The intimidating “survey” of teachers’ records by E-3, the
Newark-based voucher group, is the setup for a bogus “study” (doubtless
already written) that sends a barely-coded message to the
suburbs: public education is wasteful – which will be received
as, public money is wasted on Black and brown students.
There
is a one-two to this punch. No Child Left Behind, says E-3’s
Ivy League-educated Derrell Bradford, “is essentially pro-school-choice.'' Bradford elaborated
to a reporter for The
Record, in January of last year:
There
lays the landmine buried in the legislation by the Bush voucher
advocates. When schools fall short in testing, parents can
request a transfer to a better school. But there may be no
such school in the district.

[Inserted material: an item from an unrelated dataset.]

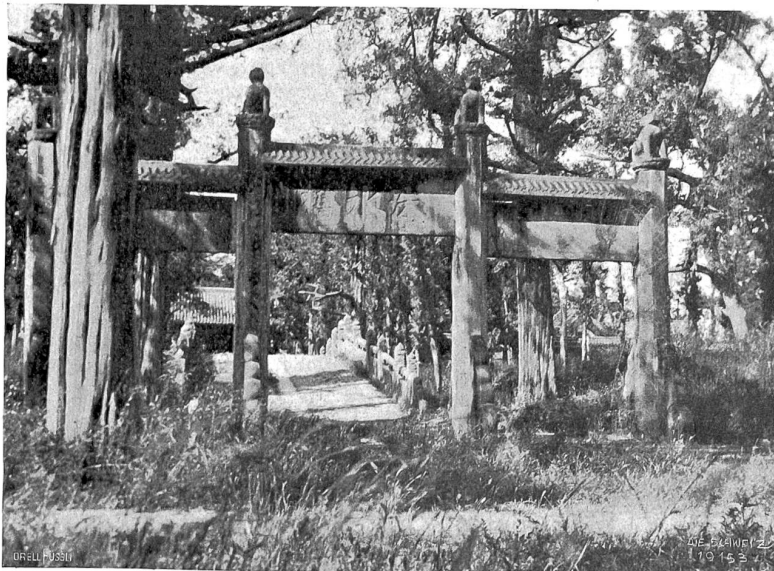
Chüfu Abb. 7. Ehrenbogen und weiße Marmorbücke, die zur Grabstätte des Confucius führt.

an seinem Gott noch seiner Ueberzeugung irregeleitet werden, da ihm dieses Pflichtgefühl das spät erscheinende Lebensglück abgräbt. Denn unantastbar und unverrückbar steht in diesem Manne seine innere Welt, die er auf den Grundfesten der Pflichttreue und des Gottvertrauens sich selbst erschaffen und in sich verschlossen hat und aus der er seine beste Kraft und seine Freiheit schöpft; daß der Dichter uns erkennen läßt, wie es diese selbe innere Welt ist, in der Schuld und Tragik im Leben des Mannes wurzeln und wie er es uns zeigt, nämlich nicht durch hinweisende Worte, sondern durch das bloße Ereignis, das ist ein Meisterstück psychologischer Kunst, wie man es nur ganz selten einmal antrifft. Die stille, gehaltene Geschichte des Liberius, in der alles Heiße und Laute wie durch die Art des Helden so auch durch die Sprache des Dichters, die sich hier in ganzer durchsichtiger, manierloser Meisterschaft zeigt, gedämpft wird, steht in dem eben erschienenen Buche „Uralters Lied!“*) zusammen mit vier andern Erzählungen, deren Schwer-

Stan Karp, a teacher and opponent
of vouchers, understands why E-3’s Bradford is smiling. "Unless they're going to start letting kids in [mostly
non-white] Paterson go to school in [mostly white] Wayne
and Ridgewood, I see this as an attempt to create pressure
for vouchers.”'
“Pressures” is
an understatement. Bradford and his crew can be expected
to roam the halls of the legislature, effectively raising
the specter of a Black and brown student exodus from city
to suburb – unless these students can be diverted
to private schools in their “own” areas. The case will also
be made that every urban student that leaves the public system
for a private classroom represents a smaller “burden” to
suburban taxpayers – less of a threat to white neighborhoods
and pocketbooks. Just as the Bush men anticipated.
“The
battle lines are drawn, and it will be an ugly fight," said
Cory Booker, the Black Trojan Horse candidate for mayor of
Newark, in 2002. Booker knows all about ugly. The nominal Democrat
tried his best during the campaign to hide the fact that he
had traveled to Milwaukee with fellow E-3 founder Peter Denton
to become a founding board member of the Black Alliance for
Educational Options. “Out-ed” as a voucher advocate in the
inaugural issue of The Black Commentator (see “Fruit
of the Poisoned Tree,” April 5, 2002), Booker was the unanimous
choice of New York market corporate media, and even won the
endorsement of rightwing columnist George F. Will. Millions
of dollars flowed Booker’s way from ultraconservatives across
the country. He still lost.
However,
that was before George Bush turned No Child Left Behind over
to Booker’s
friends in the voucher gang; before the U.S. Senate passed
a vouchers program for Washington, DC; and before the Bradley
Foundation’s think tanks devised a voucher strategy to appeal
to racial fears in the suburbs. Booker plans to run for mayor
again in 2006, hoping to provide the “alternative” Black leadership
that Bush, Bradley and the Wal-Mart family hunger for.
New Jersey is the
testing ground for the politics of vouchers. A similar scenario
may be coming to a city and state near you.